Englewood Hospital and Medical Center, Englewood, New Jersey 07631, USA.
J Wound Ostomy Continence Nurs. 2012 Nov-Dec;39(6):613-21; quiz 622-3. doi: 10.1097/WON.0b013e31826a4d83.
Critical care is designed for managing the sickest patients within our healthcare system. Multiple factors associated with an increased likelihood of pressure ulcer development have been investigated in the critical care population. Nevertheless, there is a lack of consensus regarding which of these factors poses the greatest risk for pressure ulceration. While the Braden scale for pressure sore risk is the most commonly used tool for measuring pressure ulcer risk in the United States, research focusing on the cumulative Braden Scale score and subscale scores is lacking in the critical care population. This author conducted a literature review on pressure ulcer risk assessment in the critical care population, to include the predictive value of both the total score and the subscale scores. In this review, the subscales sensory perception, mobility, moisture, and friction/shear were found to be associated with an increased likelihood of pressure ulcer development; in contrast, the Activity and Nutrition subscales were not found to predict pressure ulcer development in this population.
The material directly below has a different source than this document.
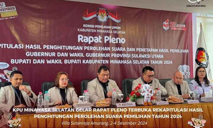 TERASNKRI.COM | MINSEL, SULUT – KPU Kabupaten Minahasa Selatan menyelenggarakan Rapat Pleno Terbuka Rekapitulasi Hasil Penghitungan Perolehan Suara Pemilihan serentak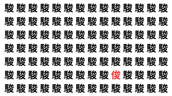 たくさんの「駿」の中に、よく似た別の漢字が1文字だけ隠れています。

In order to more precisely quantify risk in the critically ill population, modification of the Braden scale or development of a critical care specific risk assessment tool may be indicated.
重症监护旨在管理我们医疗体系中最病重的患者。在重症监护人群中,已经研究了多种与压力性溃疡发展可能性增加相关的因素。然而,对于哪些因素对压力性溃疡形成构成最大风险,尚未达成共识。虽然布雷登压疮风险量表是美国测量压疮风险最常用的工具,但在重症监护人群中,缺乏针对累积布雷登量表评分和子量表评分的研究。作者对重症监护人群中的压疮风险评估进行了文献回顾,包括总分和子量表评分的预测价值。在这项综述中,发现感觉知觉、活动、潮湿和摩擦力/剪切力这几个子量表与压力性溃疡发展的可能性增加有关;相反,活动和营养子量表在该人群中并未发现可预测压疮的发展。为了更准确地量化重症患者的风险,可能需要对布雷登量表进行修改或开发特定于重症监护的风险评估工具。